My perspiration was freezing my forehead. That night as we’d fled the Palace, we weren’t thinking that the Colony has eyes and ears everywhere and the goings-on in the Palace was the most popular topic of colonists’ conversations and that anything particularly juicy travelled from end to end at the speed of light, magnified by hyperbole, reinforced by the addition of imaginary, but delectable details. What other form of entertainment does this society have to offer but gossip? I bolted the rest of my coffee, looked at my watch and made the excuse that I hadn’t finished my rounds.

Gastroenterologist Lupo arched an eyebrow. “I’m treating the Saltworks General Manager who has a problem with his gall bladder. His villa, as you know, is opposite the Palace. He told me that for the second day running the Governor’s shutters have remained shut. He was most intrigued.”
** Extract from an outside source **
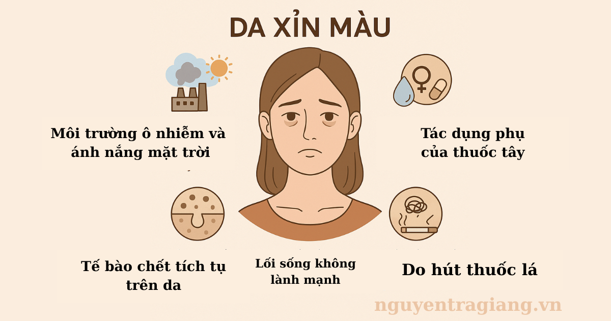 • Ô nhiễm môi trường: Khói bụi và tia UV phá hủy cấu trúc da, làm da tối màu.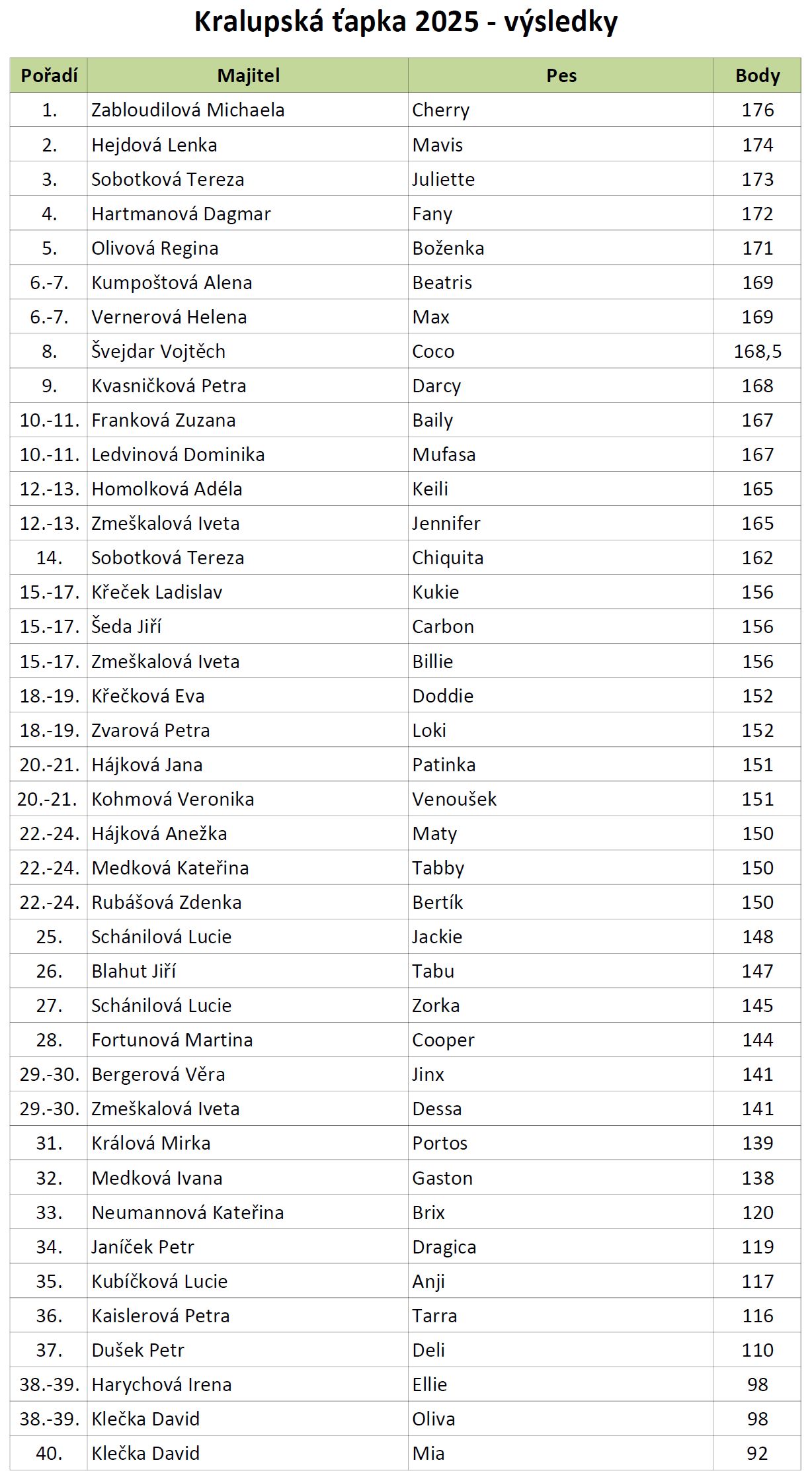 A samozřejmě díky patří i městu Kralupy nad Vltavou, pod které naše cvičiště patří, za to, že tuhle oblíbenou psí akci fantasticky podporuje.

“I wouldn’t know anything about that.”

I explored my avenues of escape but four of the doctors were strategically placed and the imposing bulk of Gynaecologist Ventura had invaded my space.

“Dr Fabrizio, you must realise that our concern is justified and above board. If anything has happened to Governor Bera, I think that we’ve a right to know.”

“Why would you think a thing like that?”

“Yesterday morning, we were expecting his butler to collect the Governor’s pills. He didn’t show up today either. Has Bera stopped taking his pills?”

“Indeed not, I’m going to take them there.”

If possible, the five physicians encroached even further, shutting out the light and depleting the air of oxygen.

“You’re a surgeon, by training, if I’m not mistaken,” said Pulmonologist Mochtachiev. I was always curious why the Governor should’ve chosen a surgeon as his personal physician. Be that as it may, if the pill is causing your exalted patient any suspicious side effects, I do hope that you’re conscientious enough to refer him to colleagues of more appropriate specialities.”

“There’s no question of side effects, you’re jumping to the wrong conclusions.”

“One mustn’t take risks where health’s involved, Doctor,” said Gynaecologist Ventura, and Cardiologist Sanchez added, “And especially where the health of the first citizen of the Colony is concerned, one shouldn’t allow vanity to interfere with professionalism.”